Across her career at St. Thomas in Akron and St. Vincent in Cleveland, Sister Ignatia is credited by the Sisters of Charity of St. Augustine archives with personally helping approximately 15,000 alcoholics through detoxification and entry into AA recovery. She is also credited with helping approximately 60,000 family members through Al-Anon sessions she initiated for the spouses, parents, and children of alcoholic patients. She received the Poverello Medal from the College of Steubenville in 1949 in recognition of her work. In 1961, President John F. Kennedy sent her a personal letter acknowledging her contribution to American public health. By every account from those who knew her, she treated the recognition the way she had treated everything else — quietly, without ceremony, and then back to work.
She refused, in every interview, to take credit for what had been built. The AA members did the real work, she said. She had only opened the door.

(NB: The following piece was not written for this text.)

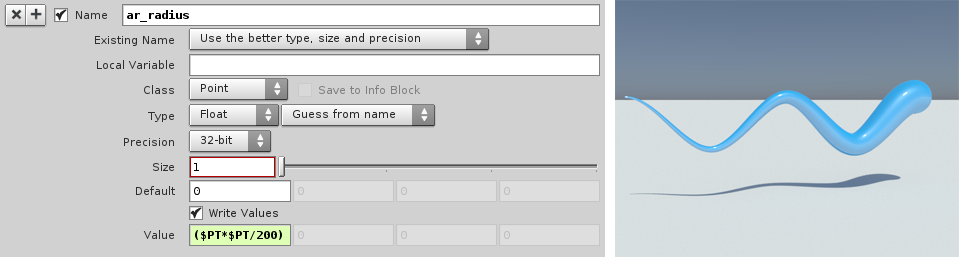 The curve width is overridden using the ar_radius attribute with the value ($PT*$PT)/200
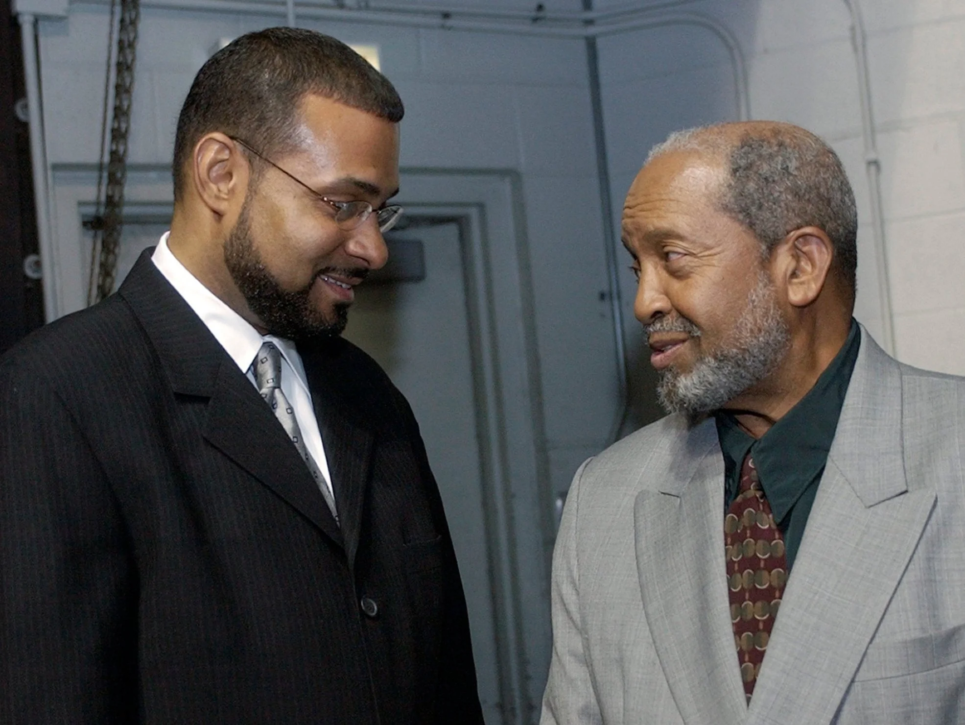 Photo by Stephen J Carrera/AP/Shutterstock (7095055a)—Imam W. Deen Mohammed, right, and Imam Earl Abdulmalik Mohammed, left, talk after a meeting of the American Society of Muslims, in Chicago where it was announced that Imam W. Deen Mohammed resigned as leader of the ASM.

Failing health forced her retirement in May 1965. She died in Cleveland on April 1, 1966, at the age of 77. Her funeral filled every pew in the church. Men came from across the country — fathers, teachers, veterans, businessmen, doctors, factory workers, lawyers — and stood at her casket. Every one of them, in his own life, had at some point hit a place from which he could not see his way out. Every one of them had stood in front of Sister Ignatia and been told that he was, in spite of his own conviction otherwise, worth helping.
St. Thomas Hospital, where the first alcoholic patient in U.S. medical history was admitted to the flower room in August 1939, closed in 2023 as part of the consolidation of Akron's Summa Health System.
What she started in that flower room did not close.
Today, addiction medicine exists in every major American city. Alcoholism is, by medical and scientific consensus, classified as a disease. AA exists in every country in the world. The medallions are still given out. The coffee pots are still kept full. The framework for treating addiction as a treatable medical condition rather than as a moral failure was not built in a research lab or by an act of Congress.
It started with one nun, a flower room, a sick man, and the decision — made quietly, without permission, against hospital policy, on August 16, 1939 — that the door was going to stay open.